#### Source data

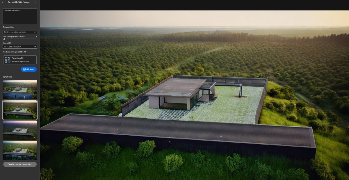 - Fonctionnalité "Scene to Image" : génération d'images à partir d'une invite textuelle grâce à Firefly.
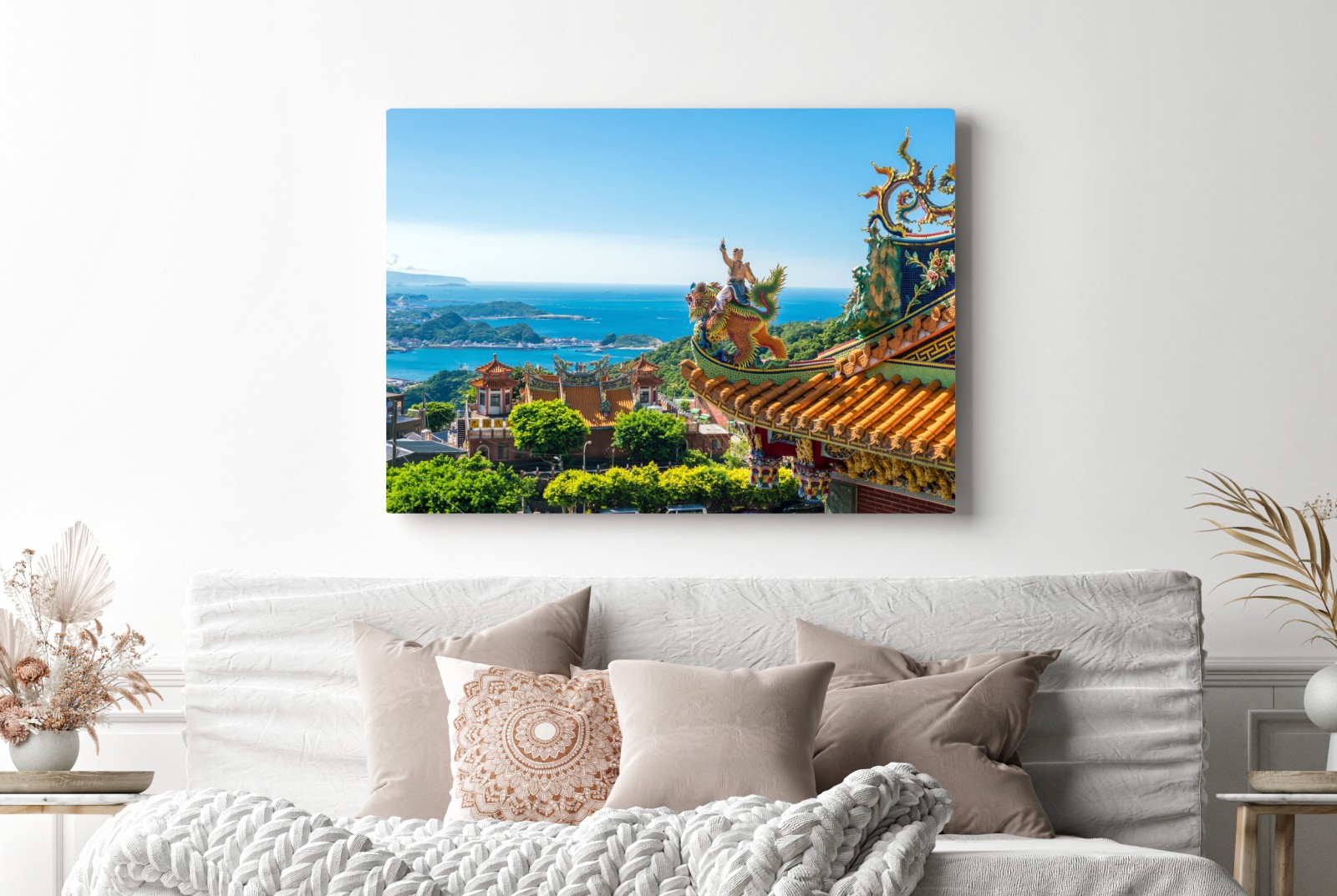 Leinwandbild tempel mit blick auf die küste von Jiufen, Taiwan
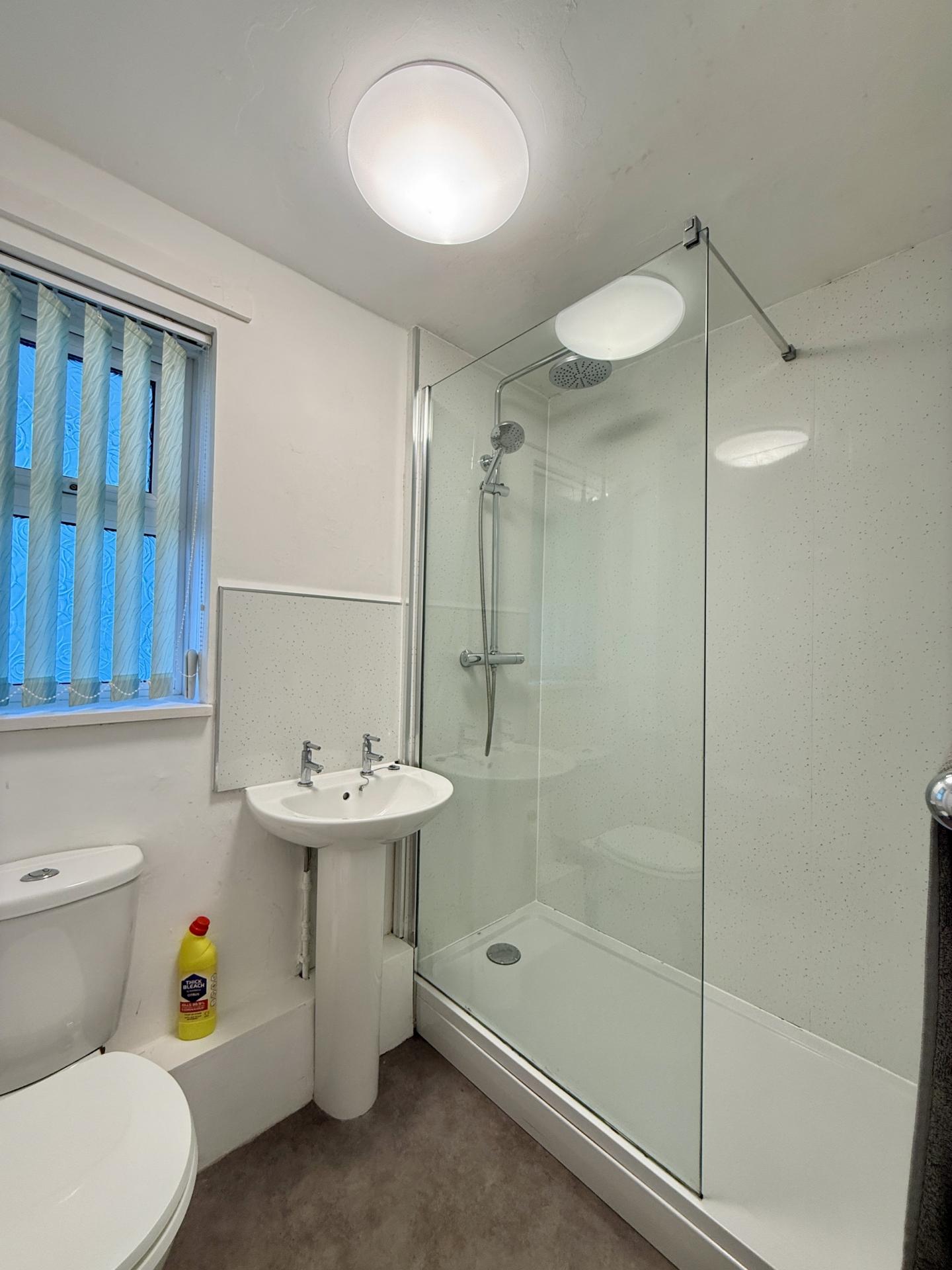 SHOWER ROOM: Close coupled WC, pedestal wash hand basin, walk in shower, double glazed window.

########
#### Source data

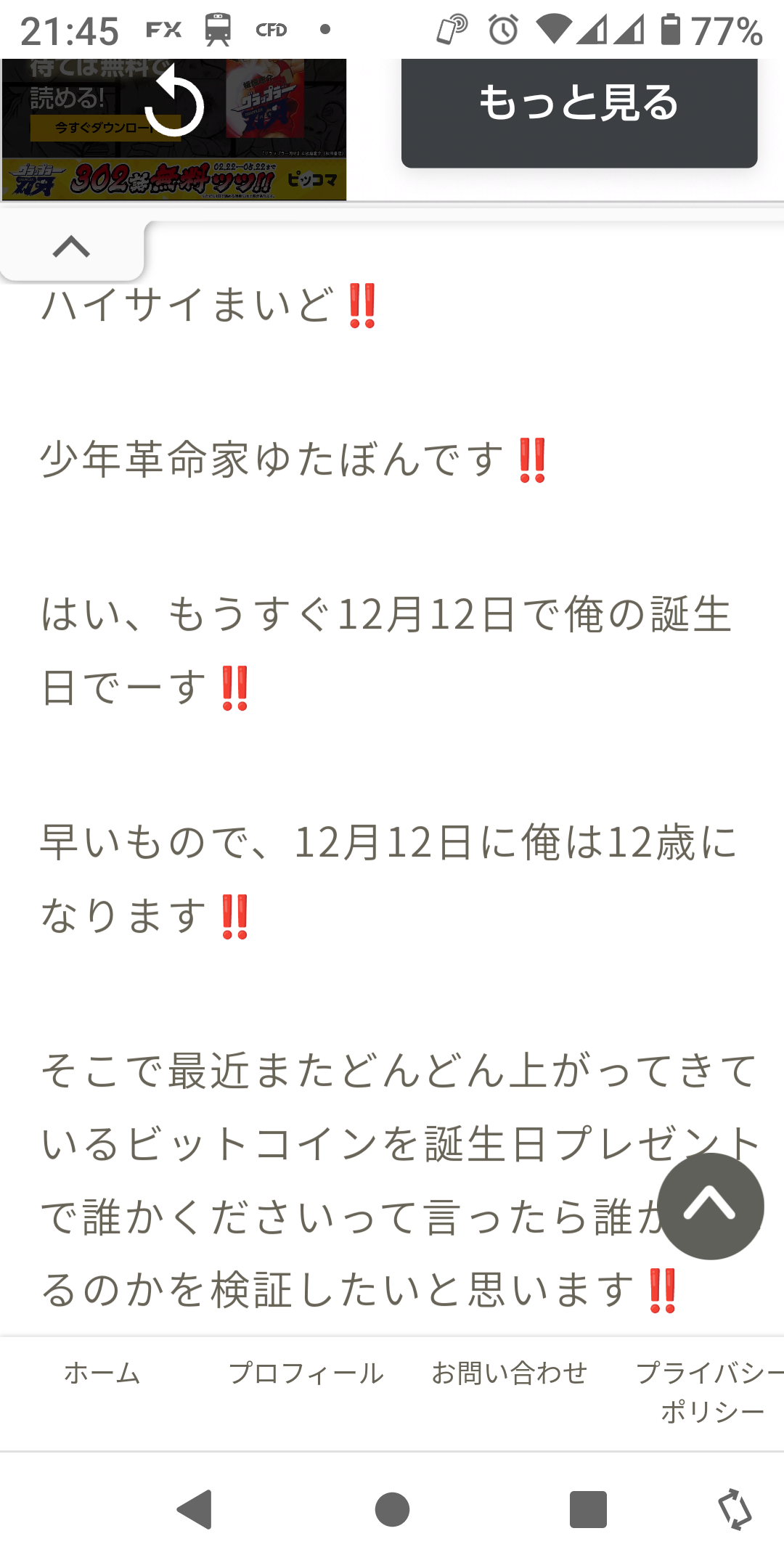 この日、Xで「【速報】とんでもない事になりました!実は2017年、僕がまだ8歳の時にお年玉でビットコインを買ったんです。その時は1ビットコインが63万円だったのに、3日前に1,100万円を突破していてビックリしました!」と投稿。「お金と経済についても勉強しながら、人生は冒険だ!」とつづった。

########

Goal of the exercise:
Using the data above, copy exactly the lines from the one containing "grâce à Firefly." to the one containing "SHOWER ROOM: Close", inclusive. Exclude the pictures.

Result of the task:
 - Fonctionnalité "Scene to Image" : génération d'images à partir d'une invite textuelle grâce à Firefly.
 Leinwandbild tempel mit blick auf die küste von Jiufen, Taiwan
 SHOWER ROOM: Close coupled WC, pedestal wash hand basin, walk in shower, double glazed window.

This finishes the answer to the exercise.